После выступления Луро пришлось срочно перебираться на Брестскую, на концерт французского композитора-изобретателя Пьера Бастьена.

Бывает такой момент в жизни, когда ты понимаешь, что домофон пищит, напоминая о Морриконе в Godfather'e, а дачный холодильник взревывет, как электрогитара в Show must go on. Кто-нибудь другой заметил, посмеялся и забыл, а Пьер Бастьен не забыл. Бывает такая обостренная чуткость к звукам окружающего мира, когда ты не можешь ни спокойно ходить по улицам, ни сидеть дома: гудки машин, скрип тормозов, гомон прохожих; хруст огурца и булькание закипающего чайника - все слагается в музыкальный гипертекст, эдакую грохочущую "Симфонию Донбасса". Из этой обостренной чуткости Пьер Бастьен вырастил целое музыкальное направление, которому еще нет названия и которое пока что - синоним имени Бастьена.

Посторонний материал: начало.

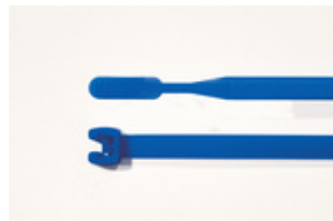
Q18R 109-00147 Cable Ties with open head
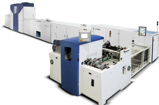
Xerox® Automated Packaging Solution for the iGen® Press

Adding a perfect finishing device to your Xerox® iGen4 or 8250 family of products has never been easier. You'll appreciate the variety of outstanding inline finishing solutions that are available from Xerox to help you quickly and efficiently produce high-quality bound documents. We offer you the widest range of finishing options you need to wrap up your jobs professionally.
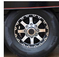
TWO TONE ALUMINUM
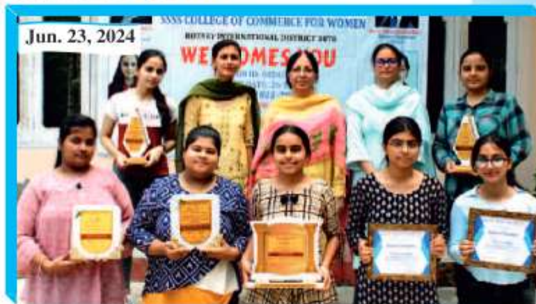
Recognizing Excellence: Rotaract Club Wins Prestigious Awards
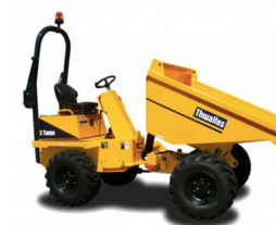
3 TONNE FRONT TIP MANUAL OR HYDROSTATIC

Max safe load 3000kg Unladen weight 2160kg Skip loading height 1565mm
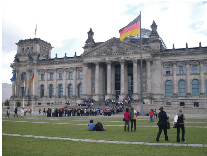
Fig. 2 Reichstag, German Parliament; Photograph made by the author 2009

The original building of the Reichstag, German Parliament, was built in the style of the Italian Renaissance in 1894 by architect Paul Wallot. The Reichstag building suffered huge damage in bombing during World War II. Renovation of the building which was carried out according to plans by Paul Baumgarten, started in 1954 and was finally completed in 1972. After German reunification, Sir Norman Foster was commissioned to carry out the design for new Reichstag. The major change was removing mezzanine floors and adding a new glass dome to the room. Adding the new glass dome was very successful as the dome became one of the main tourist attraction of the city. Glass panels in the dome allows visitors to look at down into the parliamentary chamber beneath.
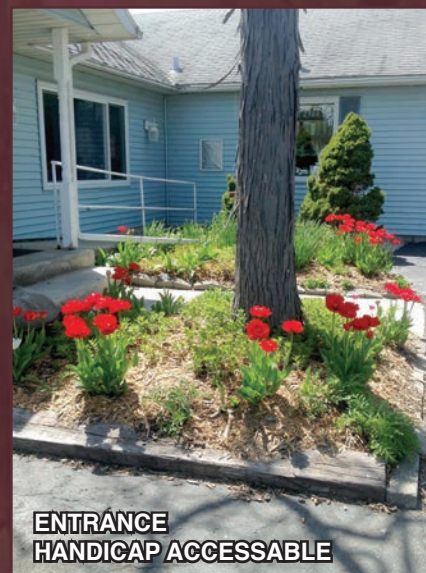
ENTRANCE HANDICAP ACCESSIBLE
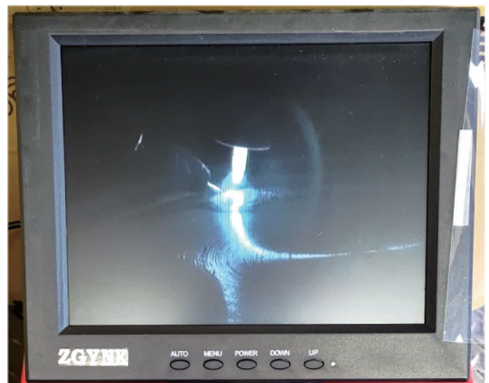
Pulse TIG with filling
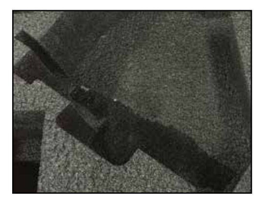
Step 1. Remove the cutter. You will see a "raised" foam insert member which the current rail system rests on. Remove that piece. There may be some light adhesive on the bottom of it which secures it in place.
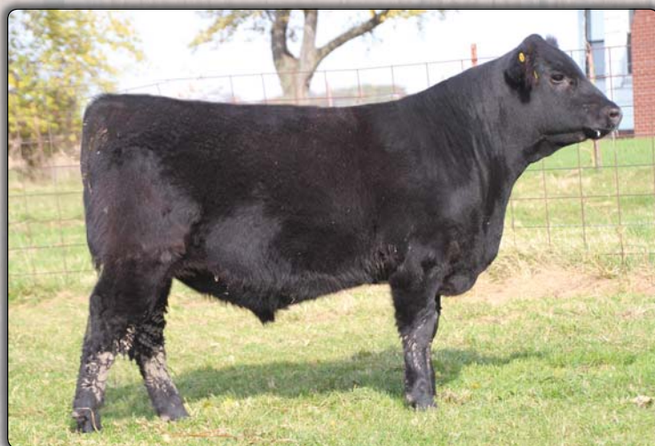
AA Denver Star • Lot 12A
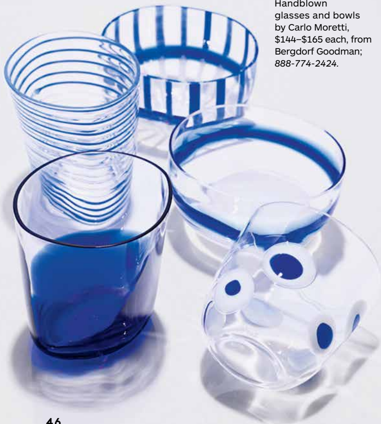
Handblown glasses and bowls by Carlo Moretti, $144-$165 each, from Bergdorf Goodman; 888-774-2424.
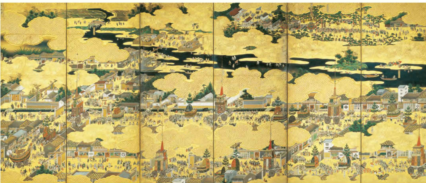
The Gion Festival (right screen) Kyoto National Museum
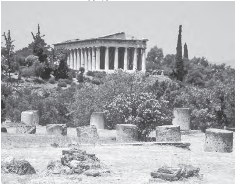
FIGURE 1.5. The Athenian agora. The agora was at the heart of ancient Athens—the place where citizens participated in the cultural, political, commercial, and administrative life of the polis . The agora was also a religious center. The building at the top center of the photo is the Temple of Hephaestus, dedicated to the two gods Hephaestus and Athena during the fifth century BCE.

It was a converted Greek Jew, the apostle Paul, who interpreted Christ's teachings to the Gentiles (as the Jews called them) and laid the foundation for Christian dogma. Greek thought, and Neoplatonic philosophy, in particular, imparted a structure to Christian doctrine that had no biblical foundation. Nonetheless Christianity has contributed much to European culture that is not Greek in origin. Most important, perhaps, is the Judeo-Christian code of ethics, which elaborates what is acceptable and what is unacceptable behavior in European societies. This ethical system is founded on the notion that there is a moral code of law handed down by God. Out of this law came the seven virtues and the seven deadly sins. Jewish tradition emphasized the necessity to follow this code to the letter; Christ emphasized rather the spirit of the law, especially love of God and one's neighbor. This ethic is radically different from that of the Greeks and Romans, who had no conception of a divinely dictated moral code. For them, everything that one did was a matter of practical reasoning. One could do well or poorly. In the Judeo-Christian view doing badly in school or at sports is entirely different from failing to help someone in need. The former is a fault,
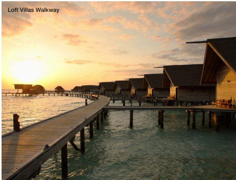
Loft Villas Walkway

На сцене экран, на нем крупным планом - руки Бастьена; под руками - мечта детства, железный конструктор с мельчайшими деталями, из которого собран то ли часовой механизм, то ли самогонный аппарат. Во всяком случае, там что-то беспрерывно движется, молоточки ударяют по кнопочкам, пружинки сжимаются, крючки цепляются - совершенный "городок в табакерке", отлаженный и отчасти пугающий своей отлаженностью, безукоризненностью. И из всего этого рождается музыка, которой аккомпанирует на скрипке Алексей Айги, давний друг и коллега Бастьена.

Происходящую (именно происходящую!) музыку описывать надо не так прозой, как стихами. В костре трещит лапник; за стеной кто-то полощет горло; локомотив завернули в ватное одеяло и пустили с горы под откос; не желая от него отставать, скрипка Айги нервически похрипывает и вообще отрекается от своей мелодической сущности. А кто-то все полощет горло - и звук полоскания, усиленный втрое, становится чириканьем истерического воробья; и все заканчивается звуками поцелуев под колыбельный настрой. Вот и сказке конец, любимая. На экране как будто мультфильм впавшего в транс Норштейна; видеоарт на радость Голомштоку.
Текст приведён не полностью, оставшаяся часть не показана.